I find that selectivity quietly persuasive. A crawler that wanted to dismiss these files wouldn't single out the two that are hardest to fake and easiest to parse deterministically. Bing read the structured identity and left the prose alone. That's a vote, in behaviour rather than words, for publishing machine-readable data over hoping a model infers you correctly from your HTML.
The honest caveat: who didn't show up
Now the part that keeps this honest. Four crawlers I'd have loved to see in the log weren't there at all: OpenAI's GPTBot, Anthropic's ClaudeBot, PerplexityBot, and Google-Extended. Not once in 11 days.
If you only read the headline of this post, you might think it disproves the sceptics. It doesn't, and I'm not going to pretend it does. The big dedicated LLM crawlers stayed away from this small, new, link-poor site, which is exactly what OtterlyAI and Longato would predict. Their data isn't wrong. What it misses is that "the LLM bots are quiet" and "nobody reads the files" are two different claims. Meta and Microsoft read them, daily, while the others were absent.
It's worth knowing those absent crawlers are anything but idle elsewhere. Cloudflare measured how hard they hit the wider web, and the ratios are startling.
"If the Internet is going to survive the age of AI, we need to give publishers the control they deserve and build a new economic model that works for everyone."
Matthew Prince, co-founder and CEO of Cloudflare, in the 1 July 2025 Cloudflare announcement (verify quote at source)

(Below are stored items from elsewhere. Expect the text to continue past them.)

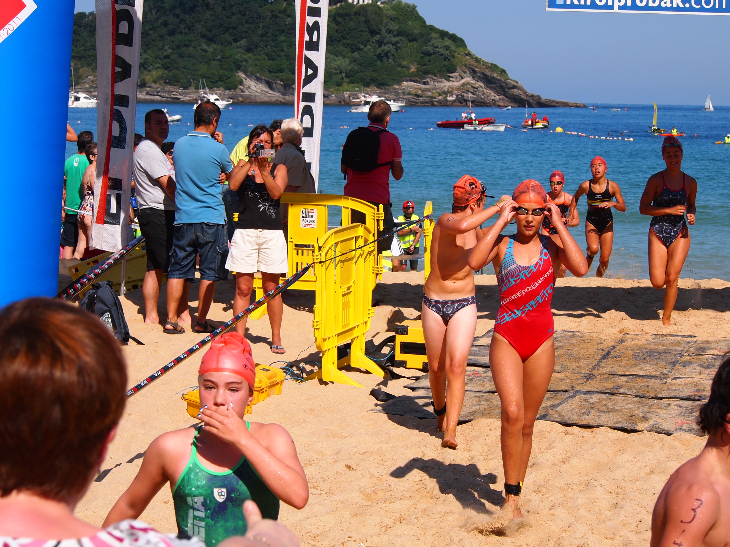 Aurrenik, 11:00etan, infantil mailako 70 igerilariek irten ziren Donostiako portutik, 650 metroko luzera zuen igerialdia egiteko. Gure taldetik, igerilari bakar batek hartu zuten parte, Maialen Sudupe. Itsas zeharkaldien denboraldia aurrera doan bezala, Maialen, gero eta hobeto moldatzen da igeriketa mota honetan. Atzo, 41. postua lortu zuen.
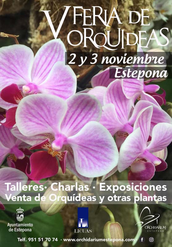 El Parque Botánico Orquidario acogerá los días 2 y 3 de noviembre la V Feria de Orquídeas de Estepona,. Este evento contará con una exhibición y venta de orquídeas tropicales. Además de poder ver las orquídeas, la feria incluye la celebración de varios talleres gratuitos de iniciación a las orquídeas, montaje y trasplante de orquídeas, y cuidados y resolución de problemas habituales, que serán impartidos por Pantrópica Coleccionistas de Orquídeas. Durante esos dos días también habrá charlas, exposiciones y venta de orquídeas. El programa previsto para las charlas es el siguiente:
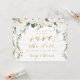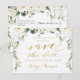 Cartão postal de anúncio de data de salva de casamento rústico de peônias brancas e folhagens prateadas.
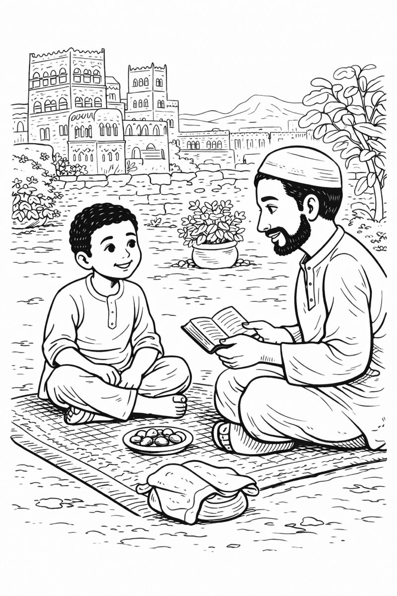 Colour Ahmed sitting with his father on a woven mat outdoors. They are reading together beside plants and a garden wall. In the background, tall traditional buildings with patterned windows rise against distant hills, showing historic city life in Sanaa.
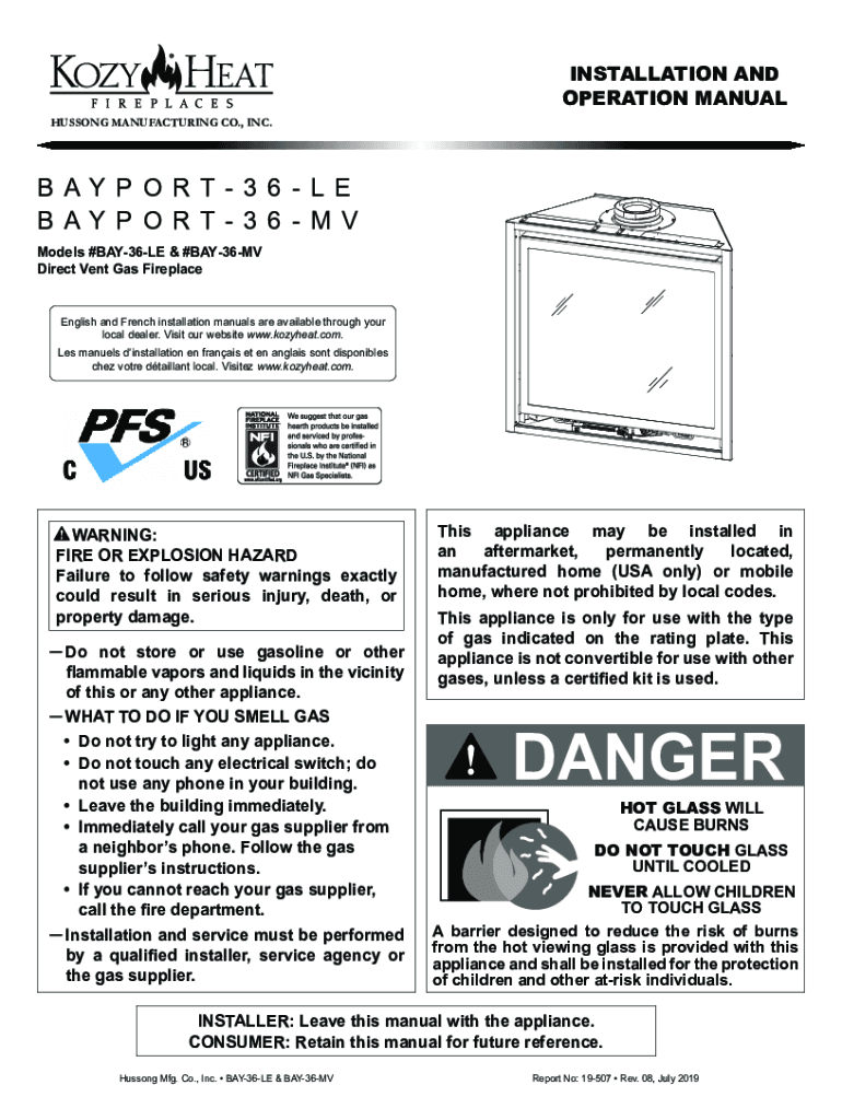 INSTALLATION AND OPERATION MANUAL HUDSON MANUFACTURING CO., INC. B A P O R T 3 6 L E B A P O R T 3 6 M V Models #BAY36LE & #BAY36MV Direct Vent Gas Fireplace English and French installation manuals
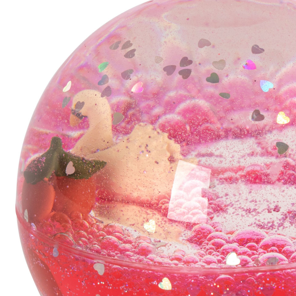 - Materiał: zewnętrzna powłoka TPU, wnętrze wypełnione wodą, olejem palmowym, brokatem PET i figurką z żywicy polimerowej
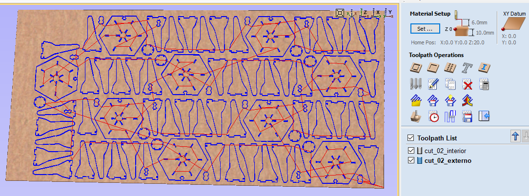 Jobs in Cut2D Pro used the same settings as in the group assignment, with the exception of the number of jobs. In this case, I made a diferrence between interior and exterior cutting.
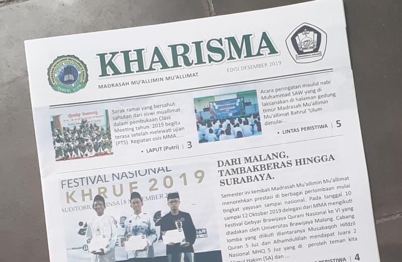 Muallimin Online, Koran Madrasah KHARISMA Edisi Desember 2019, yang diterbitkan pengurus Organisasi Siswa Intra Sekolah (OSIS) Madrasah Muallimin Muallimat 6 Tahun Bahrul Ulum, pada hari ini, Senin (16/12) mulai beredar, bersamaan dengan pembagian rapor.
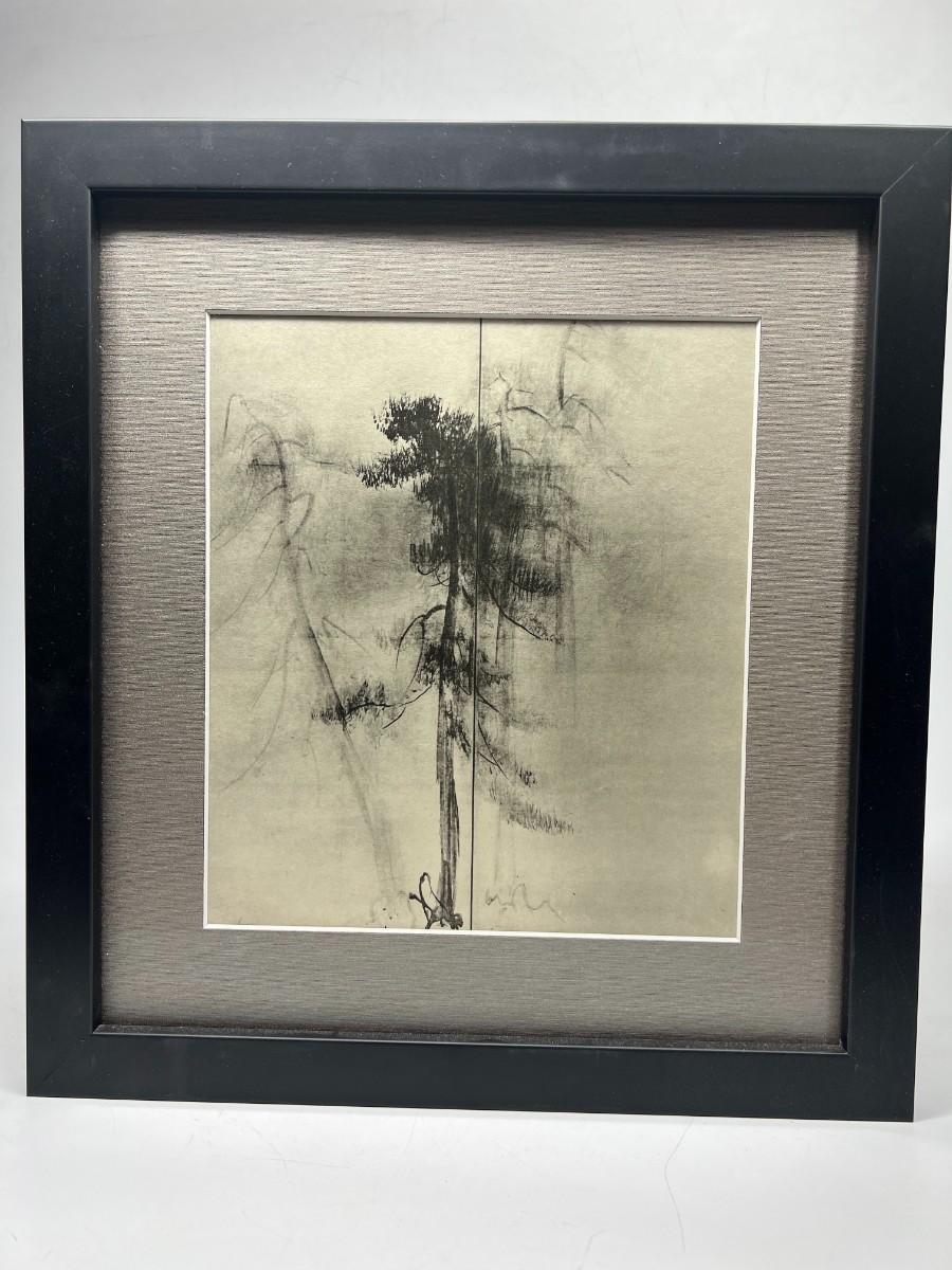 Framed Charcoal Tree Sketch Art. In good condition. 16" frame.
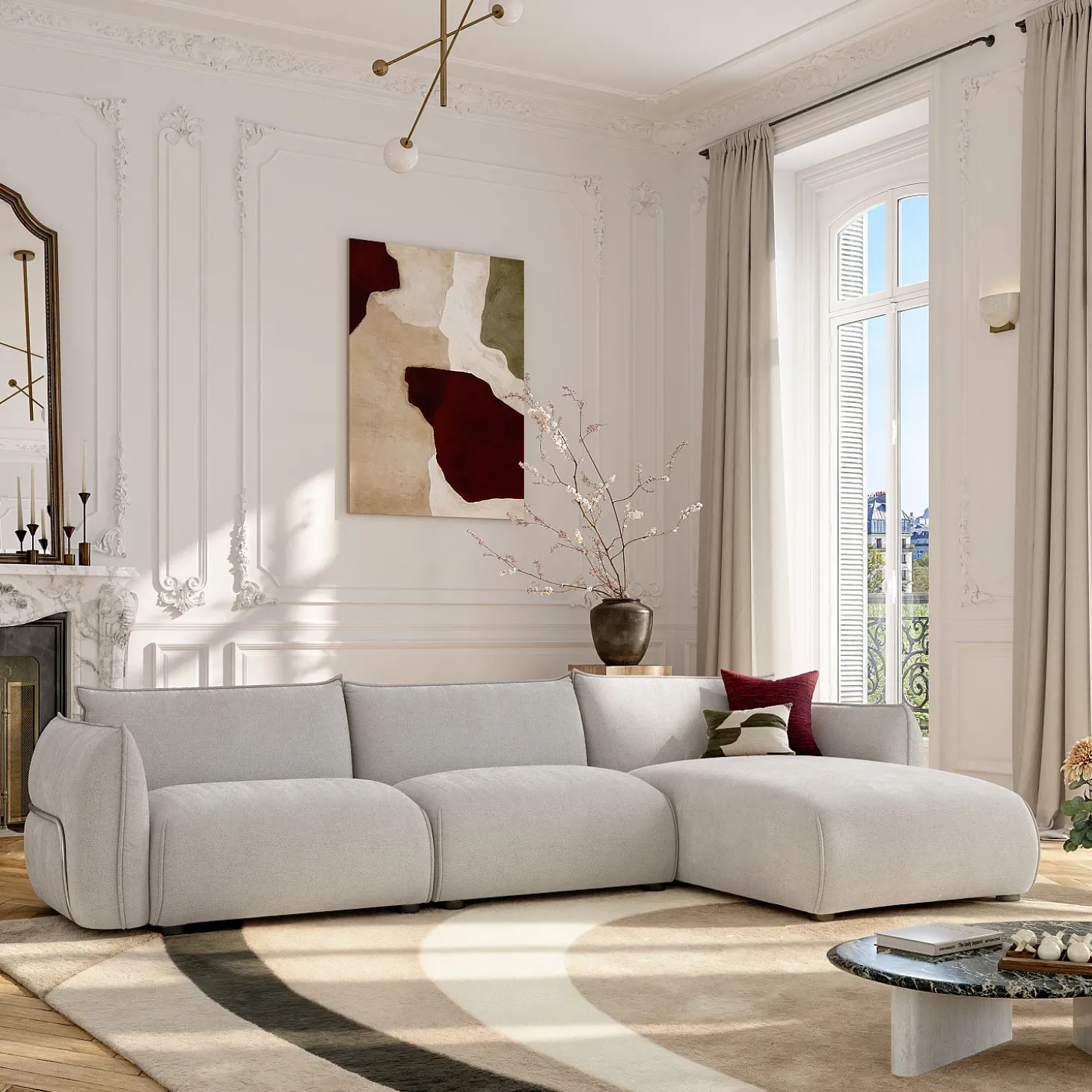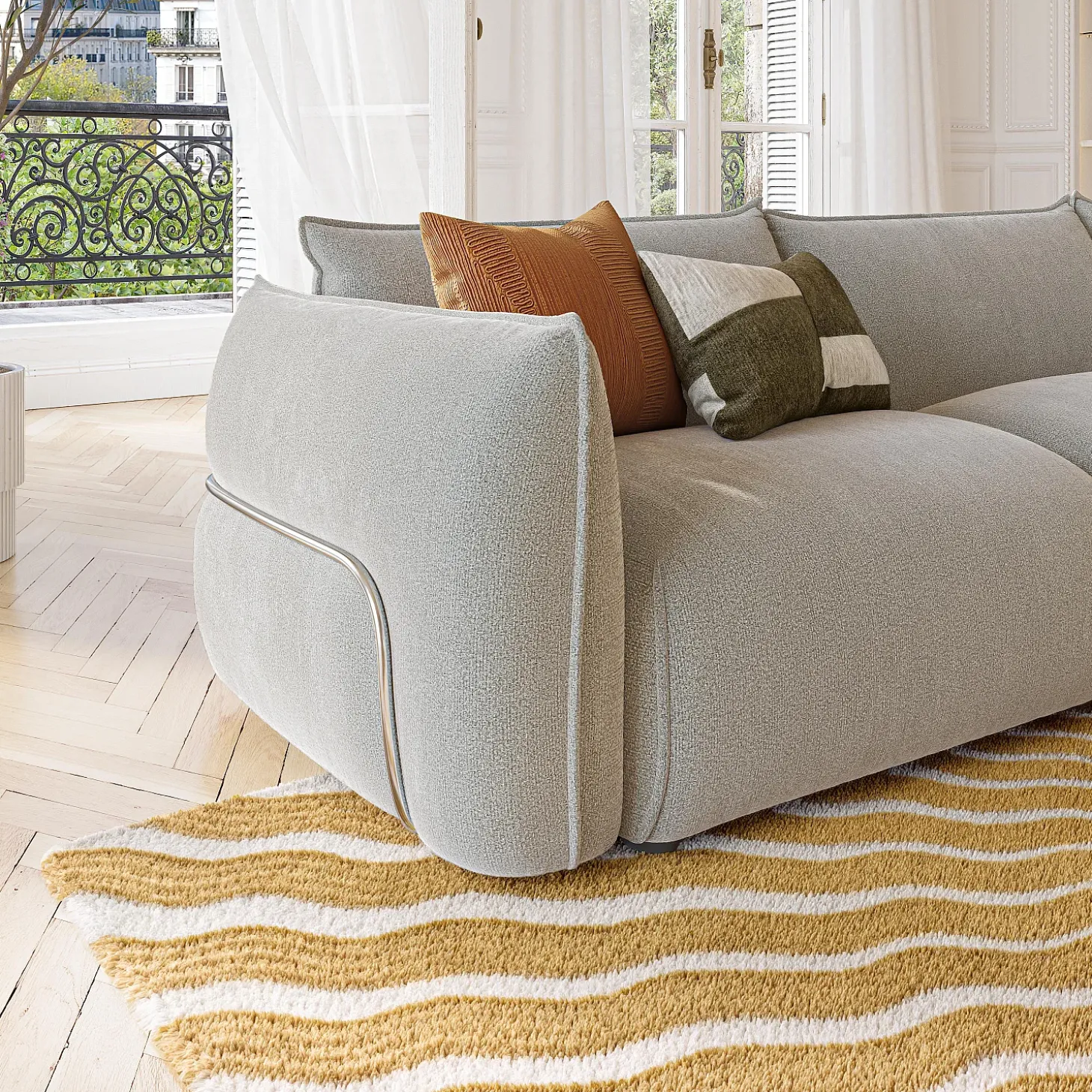 Système de fixation : crochets métalliques situées sur les modules permettant de les solidariser et de maintenir l’ensemble fermementTissu texturé, lignes épurées et assise spacieuse font de Céleste une pièce phare du salon. Une création qui sublime naturellement les intérieurs contemporains.
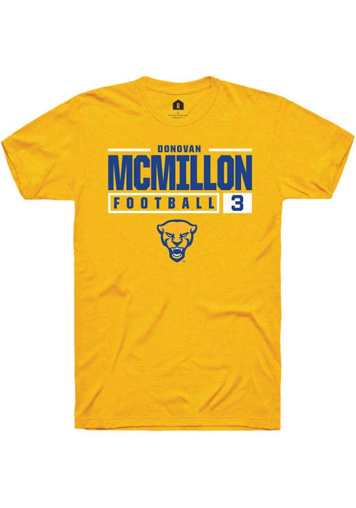 Donovan McMillon Gold Pitt Panthers NIL Stacked Box Short Sleeve T Shirt
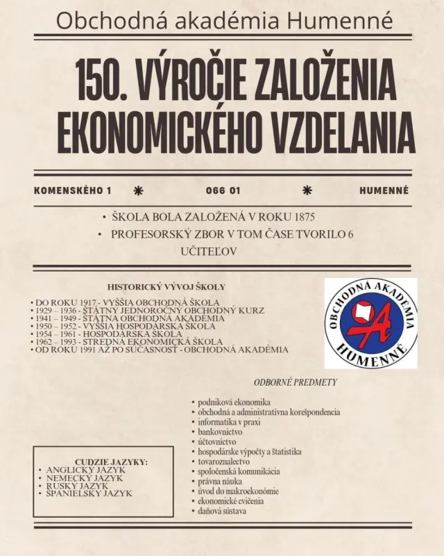 Rok 2025 je pre našu školu výnimočný – Obchodná akadémia v Humennom si pripomína 150. výročie svojho založenia. Inštitúcia, ktorá vychovala tisícky odborníkov, si v novembri pripomenie, že už dlhé roky, počas ktorých si prešla mnohými zmenami, vychováva zodpovedných úradníkov, ekonómov či podnikateľov.
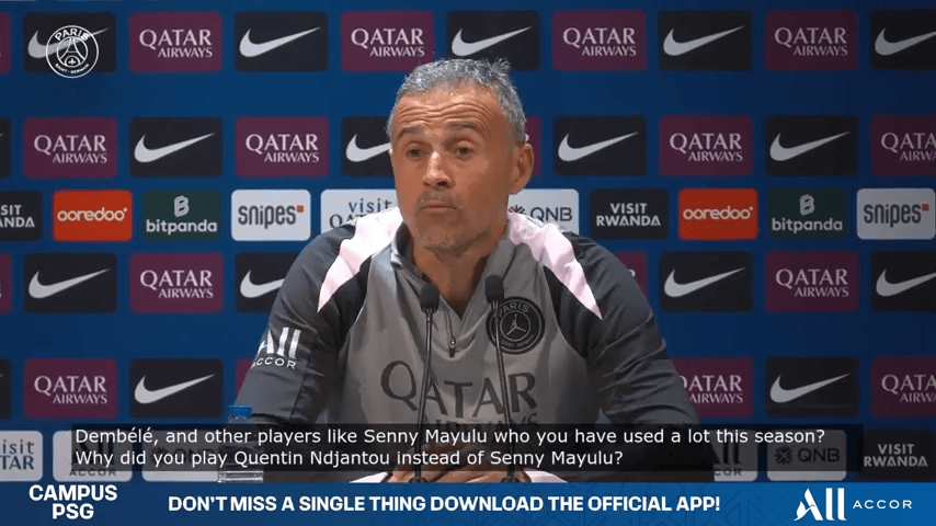 昨天您曾被问到为何在周三的比赛中让恩詹图首发,能否再解释一下您的考量?尤其是您是否将他视为轮换阵容的一部分,与登贝莱或马尤卢等球员形成竞争?因为本赛季初您经常使用马尤卢,比如上周三为什么选择姜图而不是马尤?
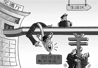 广西壮族自治区交通厅办公大院与生活大院分别位于南宁市新民路两侧,有座横跨新民路的人行天桥连通两院,交通厅员工上下班极方便,但行人没法使用,过马路要么绕道,要么横穿车流。
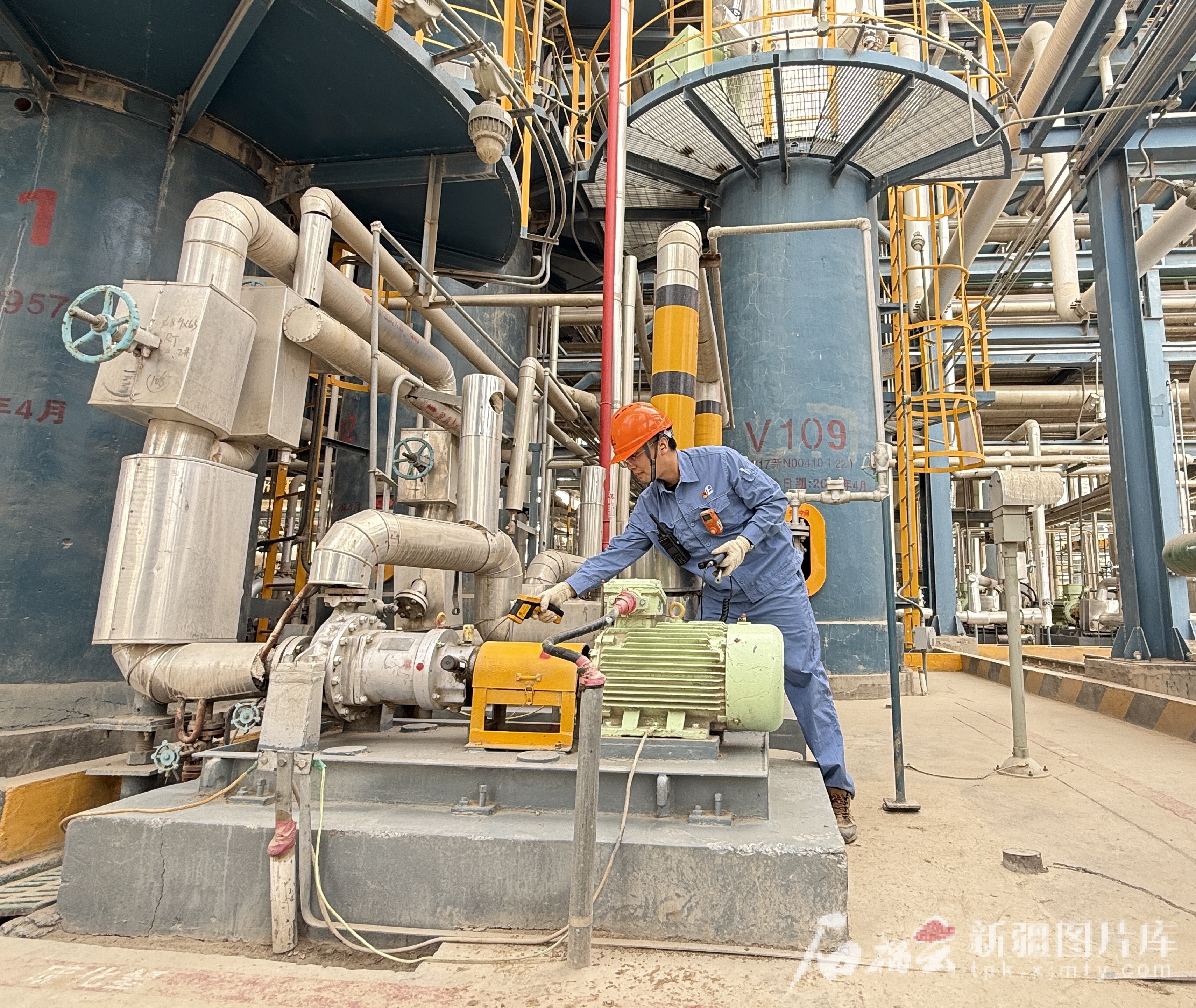 5月18日,在中國石化塔河煉化有限責任公司低凝柴油裝置區(qū),工作人員正在開展巡檢工作。天山網(wǎng)-新疆日報記者 拍熱扎提·阿不都攝
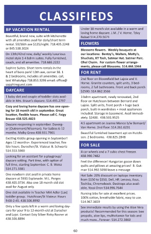 Exciting Kiddie group opening in September! son. 2 bedrooms. 438.825.2848 and short term. Also: hospital pump avail. for advance. For more info pls call L. Teitelbaum
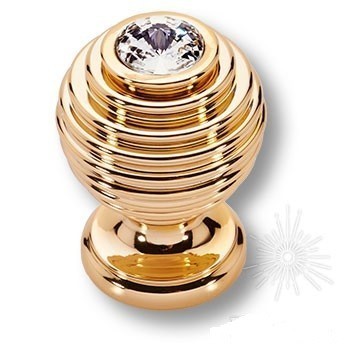 Ручка кнопка 200200PB020OZ, материал Латунь, отделка Золото Кристаллы Swarovski, d=20 мм
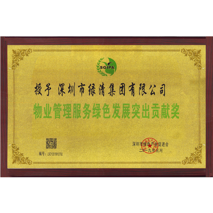 2019年度物業(yè)管理服務(wù)綠色發(fā)展突出貢獻(xiàn)獎(jiǎng)

What makes Prince's worry land for me is the number underneath it. In June 2025, Cloudflare found OpenAI's crawler scraped sites about 1,700 times for every referral it sent back, and Anthropic's scraped roughly 73,000 times per referral. These bots are voracious. They just hadn't reached my little site yet, because nothing was pointing them at it. The absence in my log isn't evidence they don't crawl. It's evidence they hadn't found a reason to crawl here, yet. As the site picks up links and starts surfacing in queries, I expect that to change, and I'll update this post when it does.
Why the files get read at all
So why would Meta and Microsoft bother fetching a stack of text and JSON files from a site they've no commercial reason to care about? Because the files answer a question every crawler has and most websites leave ambiguous: who is this, and what are they allowed to do with it?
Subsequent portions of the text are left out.